**EXERCISE DETAILS**
The result should be the lines from the one that contains "по Дерибасовской, вижу" to the final line of the entries below, copied exactly and with no pictures.

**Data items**
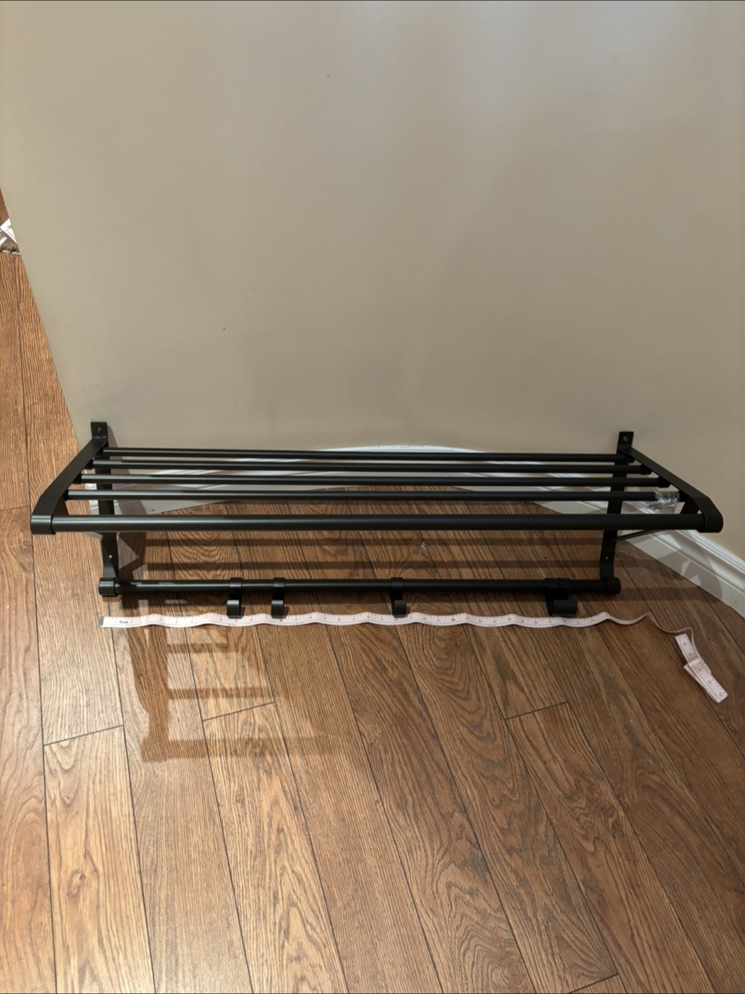 Selling a wall-mounted coat rack in black metal. It's in great shape and ready to add some extra storage to your entryway or closet! The rack is approximately 36 inches wide, perfect for hanging coats, hats, and scarves
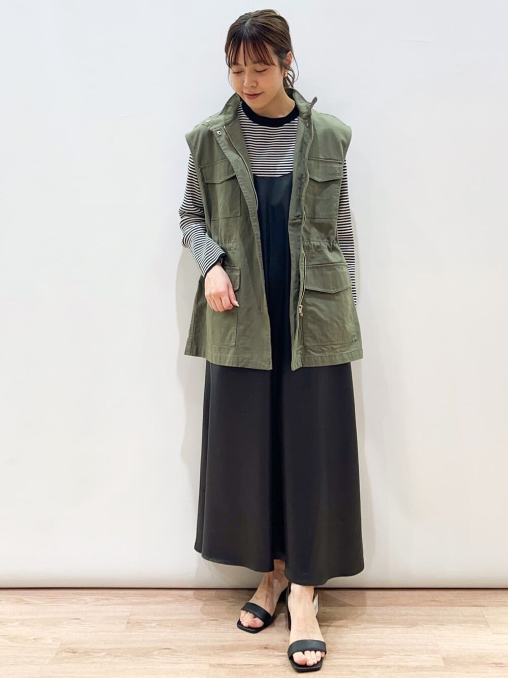 あやな157cm ベスト:637-46017 ミリタリーベストを主役にしたカジュアルスタイル! ベストは、羽織るだけで今年らしいコーデに! 様々なアイテムとレイヤードしやすいデザインで、着回し力◎ 上品な光沢感のあるワンピースとヒールを合わせて、女性らしさをプラス!
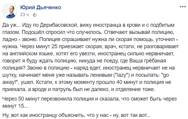 «Да уж… Иду по Дерибасовской, вижу иностранца в крови и с подбитым глазом. Подошёл спросил что случилось. Отвечают вызывай полицию, ладно — звоню. Полиция спрашивает, нужна ли скорая помощь, уточнил — нужна. Через минут 25 приезжает скорая, врач, кстати, не разговаривает на английском языке, хотят его увезти, иностранец сильно нервничает, говорит я буду ждать полицию, никуда не поеду, где Ваша гр.баная полиция?»,- написал Дяченко.
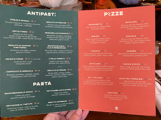 The decoration is original and superb, to our taste of course, the menu is simple, mainly pizzas and pastas plus a few desserts.
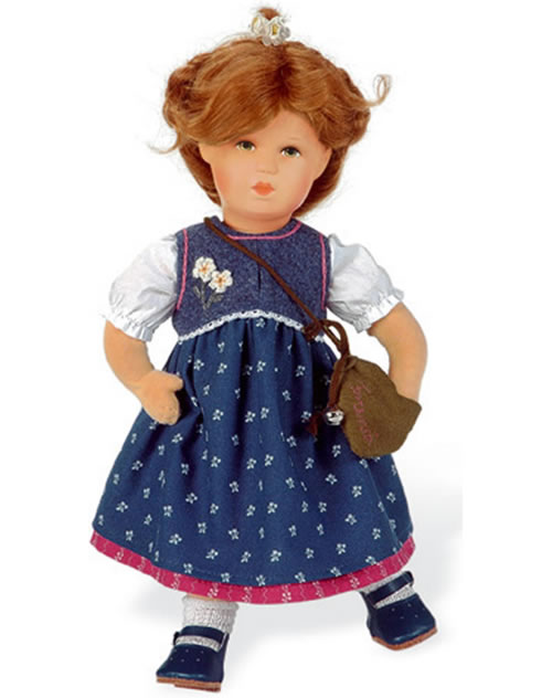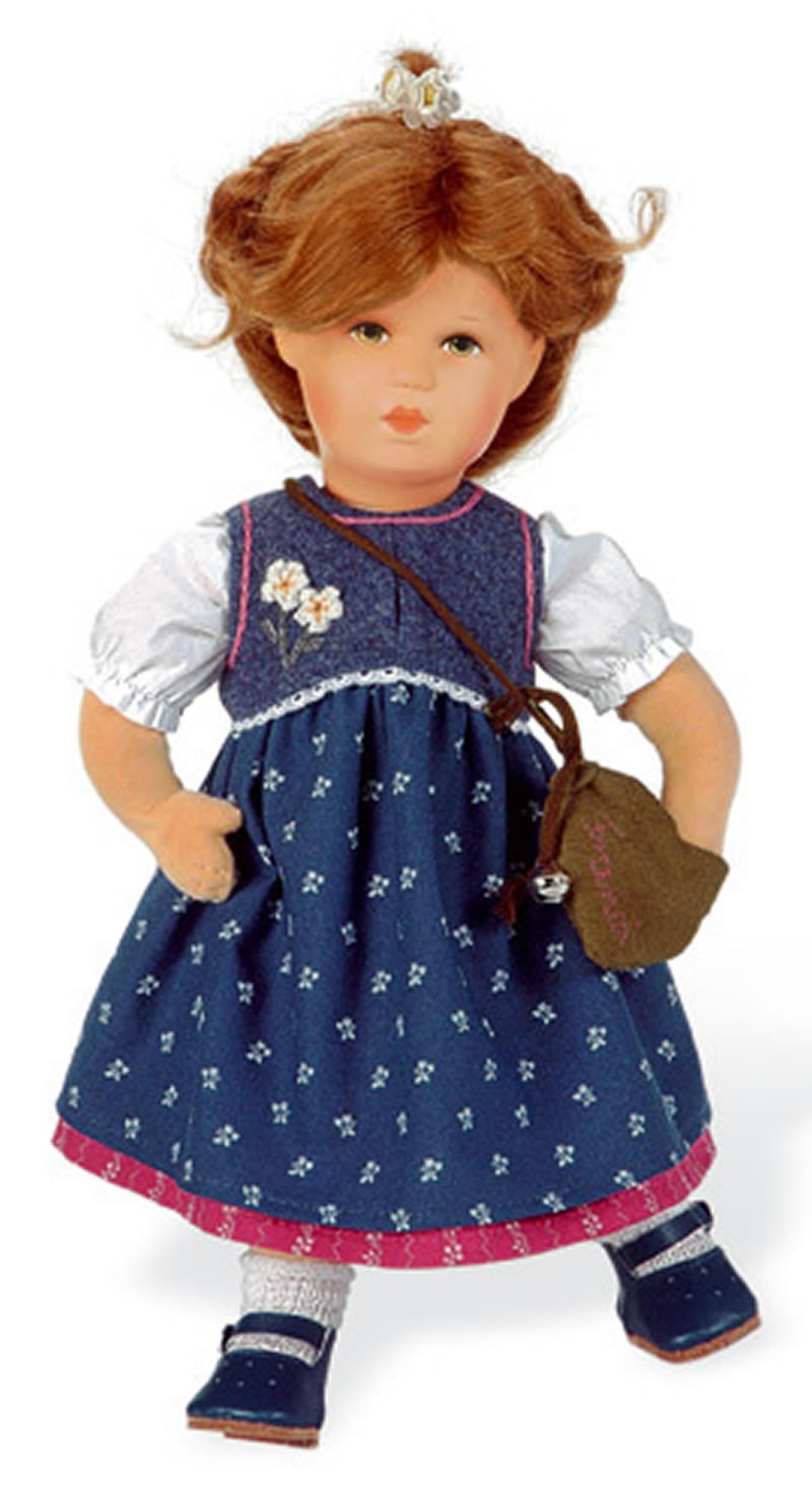Franziska ist ein 34 cm großes Schummelchen. Der weiche Puppenkörper aus Schaumstoff ist um ein flexibles Drahtskelett geschäumt und mit Trikotstoff überzogen. Der Polystyrolkopf ist liebevoll von Hand bemalt, die grünen Augen sind besonders ausdrucksvoll. Das Echthaar trägt Franziska locker geflochten und hochgesteckt. In einem bayerischen Trachtenkleid und weißer Bluse geht Franziska zum Maientanz. Weiße Strümpfe, blaue Lederschuhe und eine bestickte Tasche mit Glöckchen vervollständigen den Trachtenlook.
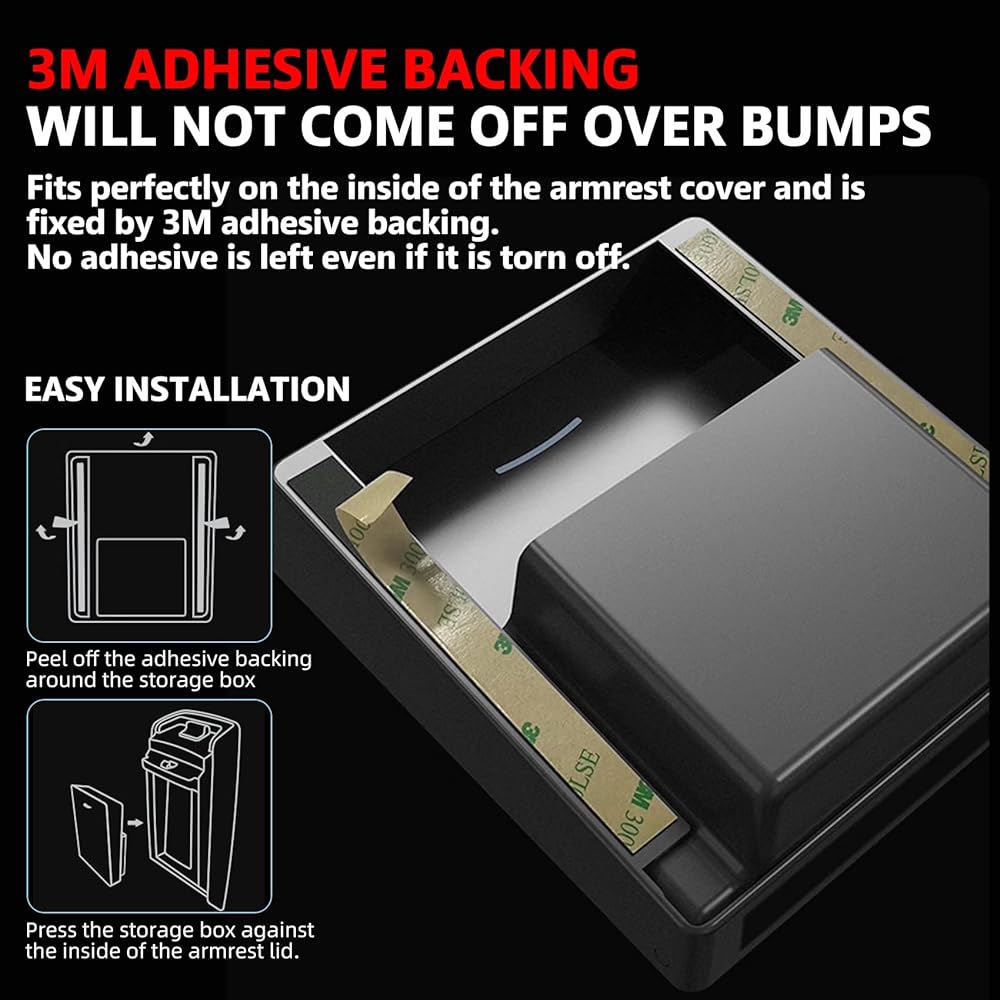 Secure Mounting Solution: Utilizing 3M double-sided adhesive, the storage box ensures a secure and sturdy mount underneath the armrest. This reliable installation method guarantees the box stays in place even during bumpy rides.

**YOUR RESPONSE**
 «Да уж… Иду по Дерибасовской, вижу иностранца в крови и с подбитым глазом. Подошёл спросил что случилось. Отвечают вызывай полицию, ладно — звоню. Полиция спрашивает, нужна ли скорая помощь, уточнил — нужна. Через минут 25 приезжает скорая, врач, кстати, не разговаривает на английском языке, хотят его увезти, иностранец сильно нервничает, говорит я буду ждать полицию, никуда не поеду, где Ваша гр.баная полиция?»,- написал Дяченко.
 The decoration is original and superb, to our taste of course, the menu is simple, mainly pizzas and pastas plus a few desserts.
Franziska ist ein 34 cm großes Schummelchen. Der weiche Puppenkörper aus Schaumstoff ist um ein flexibles Drahtskelett geschäumt und mit Trikotstoff überzogen. Der Polystyrolkopf ist liebevoll von Hand bemalt, die grünen Augen sind besonders ausdrucksvoll. Das Echthaar trägt Franziska locker geflochten und hochgesteckt. In einem bayerischen Trachtenkleid und weißer Bluse geht Franziska zum Maientanz. Weiße Strümpfe, blaue Lederschuhe und eine bestickte Tasche mit Glöckchen vervollständigen den Trachtenlook.
 Secure Mounting Solution: Utilizing 3M double-sided adhesive, the storage box ensures a secure and sturdy mount underneath the armrest. This reliable installation method guarantees the box stays in place even during bumpy rides.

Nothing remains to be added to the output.